With MySQL compatibility, Apache Doris can be integrated with most GUI and BI tools in the big data ecosystem, so users can realize more complex and diversified data analysis.
A gaming company has transitioned from the ELK stack to the Apache Doris solution. Their Doris-based log system used 1/6 of the storage space that they previously needed.
In a cybersecurity company that built their log analysis system utilizing an inverted index in Apache Doris, they supported a data writing speed of 300,000 rows per second with 1/5 of the server resources that they formerly used.

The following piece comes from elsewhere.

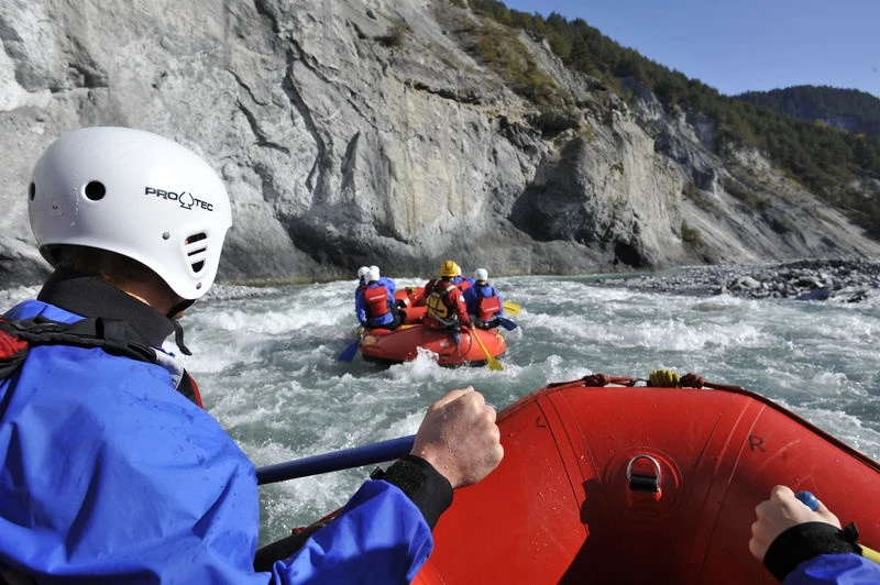 Rafting - Zusammen im Boot: River Rafting ist ein fröhliches Erlebnis für alle und eine wundervolle Art, die Rheinschlucht aus einer anderen Perspektive kennen zu lernen.
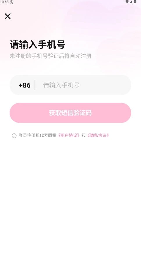 3、选择手机号注册方式,输入手机号并获取验证码,填写验证码后完成注册流程。

Now let's go through the three steps of building a log analysis system with Apache Doris.
Before you start, download Apache Doris 2.0 or newer versions from the website and deploy clusters.
This is an example of table creation.
Explanations for the configurations:
The DATETIMEV2 time field is specified as the Key in order to speed up queries for the latest N log records.
Indexes are created for the frequently accessed fields, and fields that require full-text search are specified with Parser parameters.
"PARTITION BY RANGE" means to partition the data by RANGE based on time fields, Dynamic Partition is enabled for auto-management.
"DISTRIBUTED BY RANDOM BUCKETS AUTO" means to distribute the data into buckets randomly and the system will automatically decide the number of buckets based on the cluster size and data volume.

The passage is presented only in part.